Gegen Mittag beschließe ich, endlich für meine anstehende Klausur zu lernen. Weit komme ich allerdings nicht. Rechnen und lernen kann ich nicht, ohne mir Notizen zu machen und die darf ich heute nicht machen – sonst würde ich Papiermüll produzieren. Ich blättere mein Buch noch ein wenig durch, ohne Notizen zu machen, gebe aber bald genervt und vor allem wenig schlauer auf. Zum Mittagessen habe ich vorgesorgt: Kartoffeln haben wir glücklicherweise selbst im Keller, dazu gibt es Zwiebeln – ebenfalls einzeln gekauft und im Stoffbeutel nach Hause transportiert – und zwei Eier.

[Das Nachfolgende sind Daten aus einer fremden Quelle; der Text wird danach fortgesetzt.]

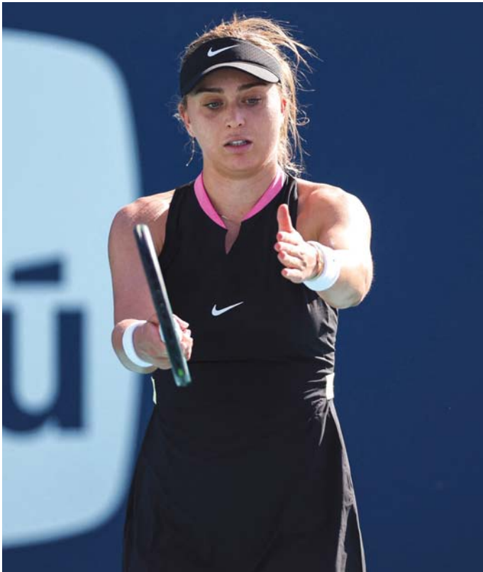
Paula Badosa of Spain reacts during her match against Simona Halep of Romania at the Miami Open.

Badosa three times as a small but excited crowd chanted "Si-Mon-ah. Si-Mon-Ah". While Halep has won many tournaments, including two grand slams she insisted Tuesday's return will stand out as a special moment in her career. "It feel really good," said Halep. "I had emotions, positive emotions to see the crowd supporting me was so nice and gave me a lot of energy and the level of tennis was pretty good, unexpected I think, for most of the people. "It is a special day. "I would say this day is going to stay very special for me. "Of course, I have many results in the past, big results but here is something more than tennis, it is something personal." The 32-year-old Romanian
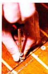
Sole boards are screwed down to keep them in situ

to do was screw them down again. It's neither an elegant nor a particularly convenient way to secure the boards – fitting them with finger-operated latches would be much better. Another possible solution that emerged was to fit eyebolts beneath each board and run a line through them, secured in the engine bay perhaps. I'm sure you can think of others.
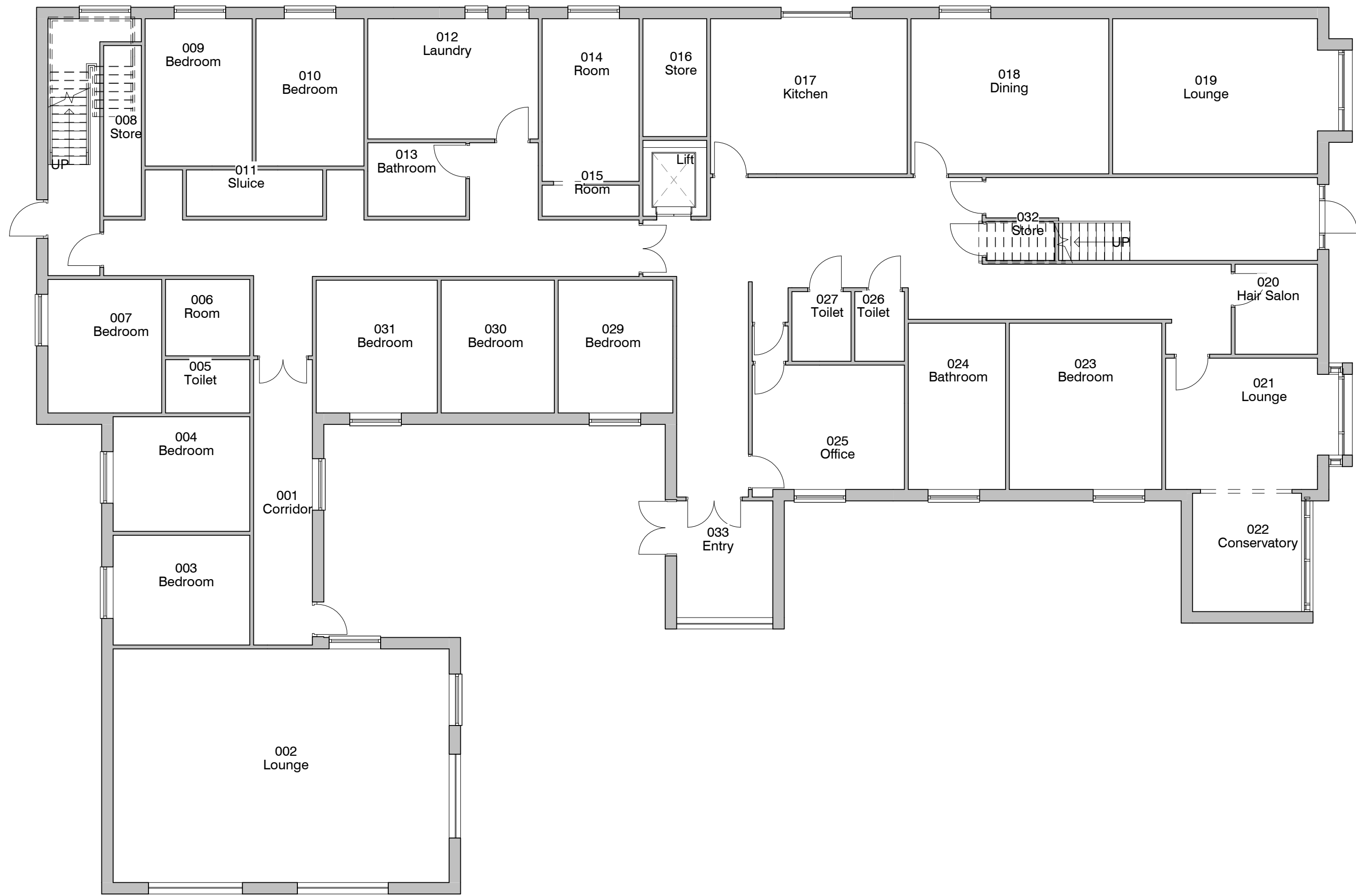
1. Level 0 - GA Existing 1 : 100
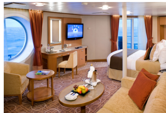
The diagram above displays layout for S2 Sky Suite. The photo on the left is an example of a S1 Sky Suite.

Stateroom images and features are samples only. Actual furniture, fixtures, colors and configurations may vary. All measurements are approximate; drawing not to scale.
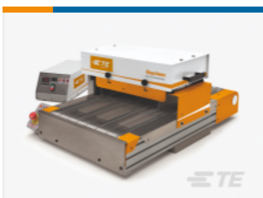
TE Part # 955018-000 CLTEQ-M105-TUNNEL-OVEN
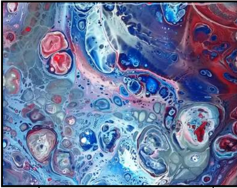
Basic Flip Cup Pour

All paint supplies and one canvas will be provided. You may bring a small canvas to continue exploring the technique if time permits. Paintings must remain on site to dry prior to taking them home.
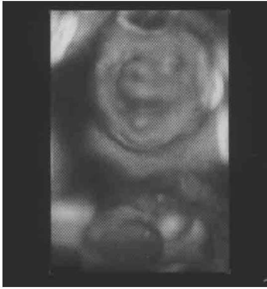
Figure 2 Three-dimensional sonography showing a ventral wall defect with the heart outside the thorax.

(Baker et al., 1984). Normal development of the fetal abdomen depends on the migration of the lateral folds and correct ventral mesodermal differentiation (Bonilla-Musoles et al., 2001). The flat embryo becomes tubular during the fourth week as the result of the circumferential enfolding of the cephalic, caudal, and two lateral abdominal wall folds. If the lateral ectodermal and mesodermal folds fail to fuse along midline, by the end of 4 weeks, an abdominal wall defect develops (Baker et al., 1984). Intracardiac lesions result from faulty mesodermal development. Cantrell's pentalogy results from failure of the cephalic fold to close (Seeds et al., 1984).
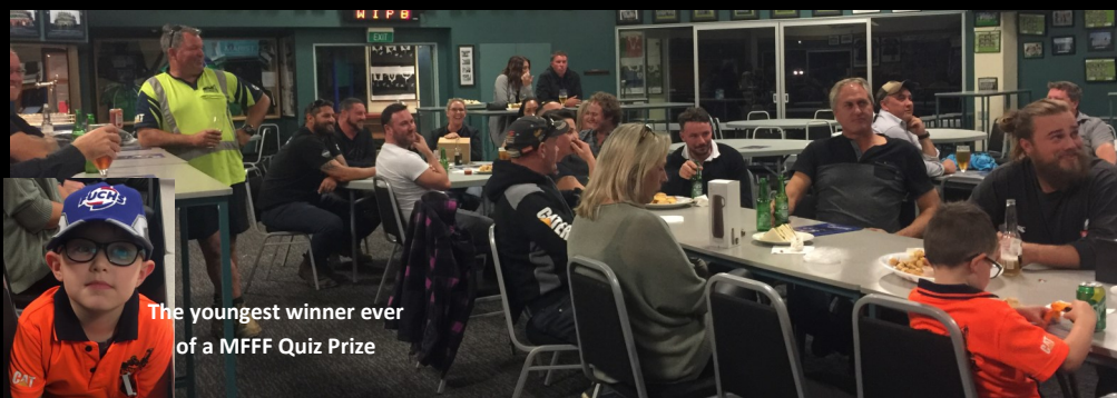
The youngest winner ever of a MFFF Quiz Prize
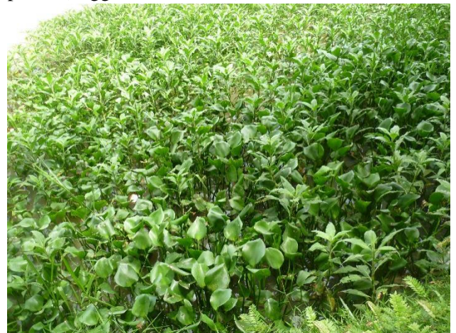
Figure 4: The infestation of water hyacinth, Eichhornia crassipes at the edge of the water body

Water hyacinth often disturbing and destroy native flora and fauna habitats by competes with the native plants, displacing wildlife habitat and forage (Henderson, 2001). Hanging roots of water hyacinth also traps moving sediment, combine with detrital production and siltation under water hyacinth mats results in higher sedimentation loading (Nel et al., 2004). Furthermore, water hyacinth infestation management through mechanical harvesting or herbicidal treatment will cause damages to nearby desirable vegetation such as ornamental plants (Higgins et al., 2001).
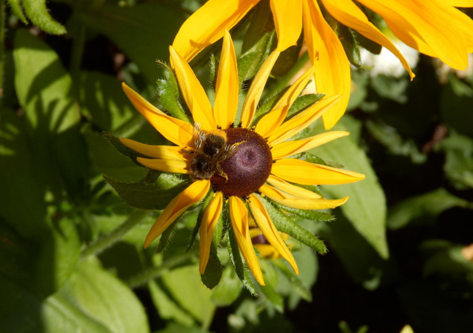
A bee-friendly rudbeckia
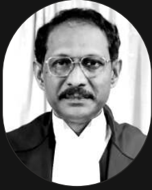
Hon'ble Justice C.T. Ravikumar Judge Supreme Court of India
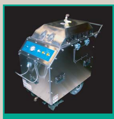
SWASH<sup>™</sup> Deluxe Portable Electric Steam Generator
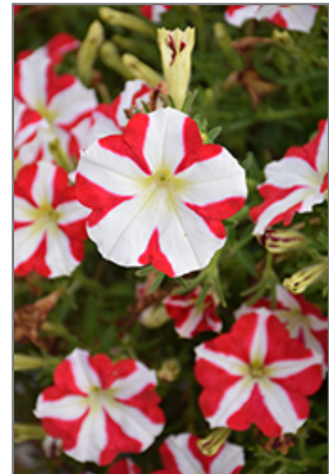
Amore King of Hearts Petunia flowers

Amore King of Hearts Petunia is recommended for the following landscape applications;
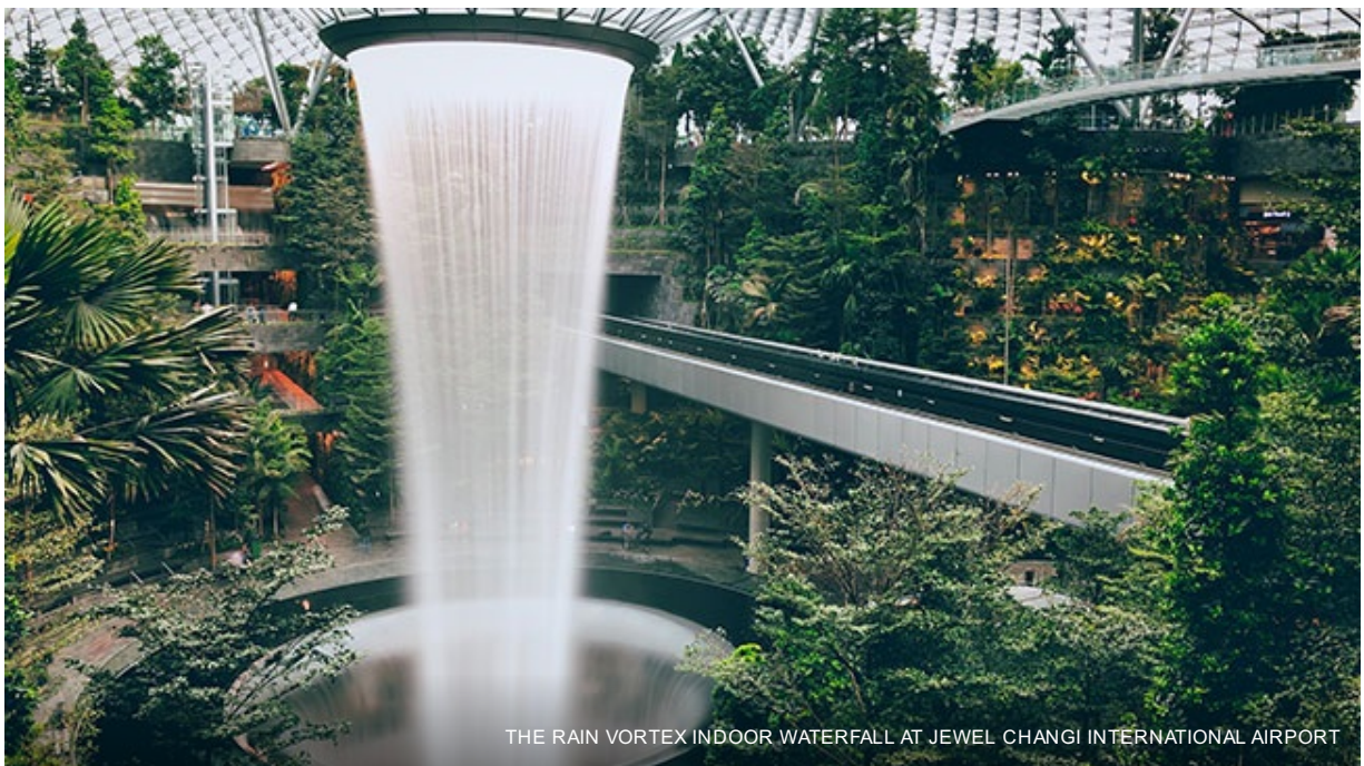
THE RAIN VORTEX INDOOR WATERFALL AT JEWEL CHANGI INTERNATIONAL AIRPORT
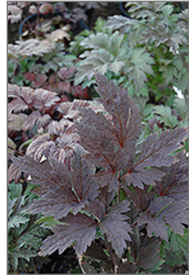
Brunette Bugbane foliage

Auf den üblichen Nachmittagskaffee muss ich dann wiederum verzichten. Stattdessen trinke ich heute ganz viel Leitungswasser; sowieso viel gesünder. Den Nachmittag über arbeite ich viel am PC und gehe Spazieren – bei beidem produziere ich zumindest keinen unmittelbaren Müll.

Beim Abendessen stehe ich dann erneut vor dem Problem, was ich kochen soll. Ich habe keine wirkliche Ahnung und eigentlich auch keine Lust mehr, darüber nachzudenken. Spaghetti wären jetzt gut. Ich bin verlockt auf meinen Vorsatz zu pfeifen und mir was richtig Leckeres zu kochen. Aber dann finde ich es doch zu ärgerlich, kurz vor dem Ziel aufzugeben. Ich esse zwei Äpfel und trinke rund einen halben Liter Leitungswasser, das muss reichen – für heute.
Vor dem Schlafen gehen, putze ich mir die Zähne, ohne sie wirklich zu putzen, denn es fehlt immer noch die Zahnpasta. Anschließend gehe ich aber, trotz zwischenzeitlich immer wieder schlechter Laune, doch ganz zufrieden ins Bett. Bis auf ein paar Obst-, Eier- und Kartoffelschalen habe ich heute keinen Müll produziert.. Alles kompostierbar.

Statistisch gesehen habe ich der Umwelt heute 1,6 Kilogramm Müll erspart und darauf bin ich stolz. Denn laut dem statistischen Bundesamt produziert jeder Deutsche durchschnittlich 581 Kilogramm Haushaltsmüll pro Jahr.

Am nächsten Morgen wache ich übermüdet mit knurrendem Magen auf und stürze förmlich in die Küche zur Kaffeemaschine. Damit startet der Tag zwar direkt wieder mit dem ersten Müll, aber ich starte doch irgendwie leichter in den Morgen. Um aber auch Abends glücklich ins Bett gehen zu können werde ich darüber nachdenken in Zukunft einen solchen  “Keinen-Müll-Tag” pro Woche einzuführen. Das tut der Gesundheit gut, schmeichelt der Figur und spart der Umwelt – statistisch gesehen – dann  über 76 kg im Jahr.

Zudem hört sich “Ich achte auf die Umwelt” eindeutig besser an, als “Ich bin auf Diät”. Ganz nebenbei würde ich der Umwelt so 76,4 Kilogramm Müll pro Jahr ersparen. Denkt doch auch mal darüber nach! Es ist nur ein Tag pro Woche, die restlichen sechs Tage könnt ihr immer noch ganz bequem leben und durchschnittlich 1,6 Kilogramm Müll pro Tag produzieren.